The stock on Wednesday traded at $186.72, up 9.5% at last check. It has soared 70% year to date amid investor enthusiasm for the vaccine.
"Today's announcement from EMA brings Novavax another step closer to our goal of ensuring broad global access to our protein-based Covid-19 vaccine across Europe," said Novavax Chief Executive Stanley Erck.
The EMA has indicated that its assessment will proceed under an accelerated timeline, with an opinion issued potentially within weeks, Novavax said.
“The chemistry, manufacturing and controls data package submitted to EMA and other global regulatory agencies leverages Novavax' manufacturing partnership with the Serum Institute of India, the world's largest vaccine manufacturer by volume,” Novavax said.

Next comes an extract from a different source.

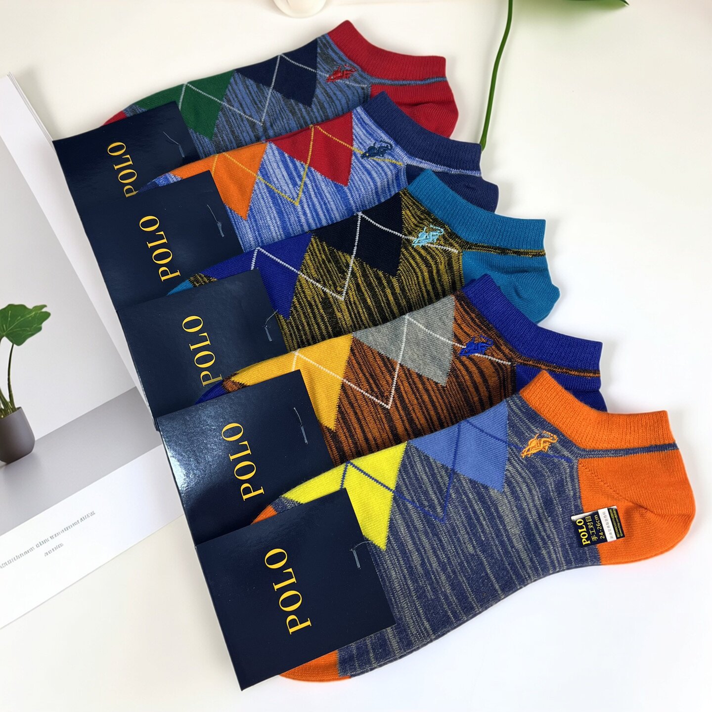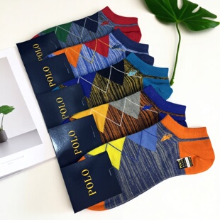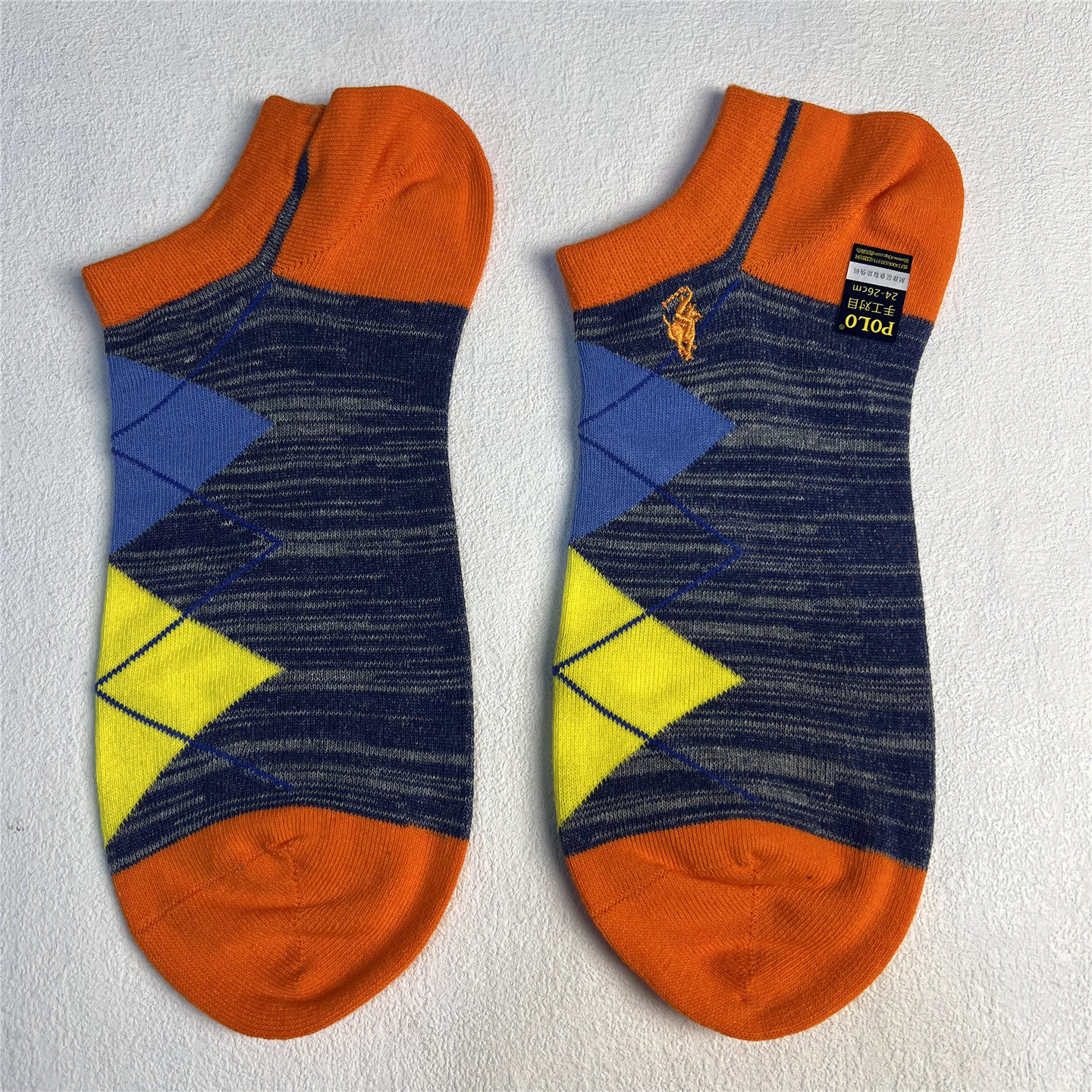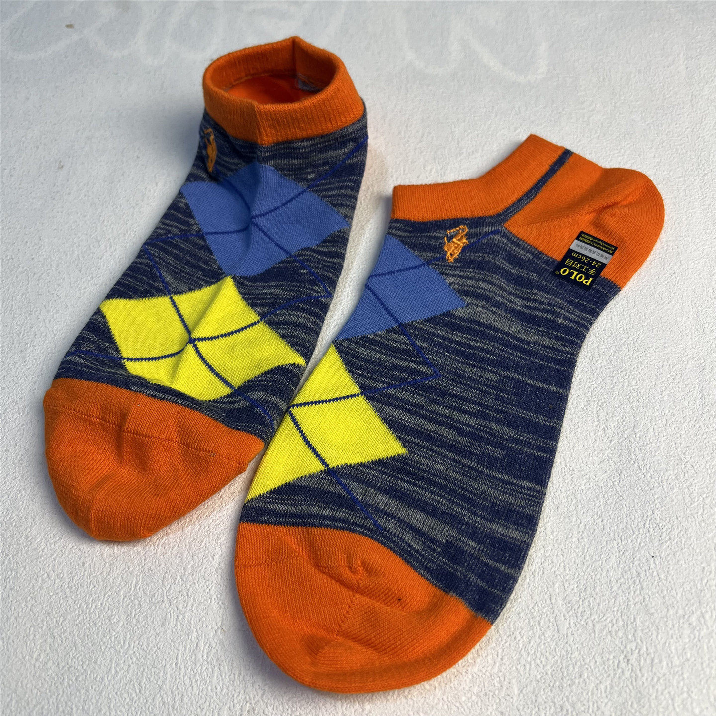 特价 POLO袜子男纯棉春夏彩色菱形格潮流短袜无骨休闲防臭船袜8511

“It will later be supplemented with data from additional manufacturing sites in Novavax' global supply chain.”
The Novavax/SII vaccine recently received emergency use authorization in Indonesia and the Philippines. Novavax also has filed for approval with the World Health Organization, India, the U.K., Australia, New Zealand and Canada.
“Novavax expects to submit the complete package to the U.S. FDA [Food and Drug Administration] by the end of the year,” the company said.
The vaccine “is being evaluated in two pivotal Phase 3 trials: a trial in the U.K. that demonstrated … 89.7% efficacy overall and the PREVENT-19 trial in the U.S. and Mexico that demonstrated … 90.4% efficacy overall.”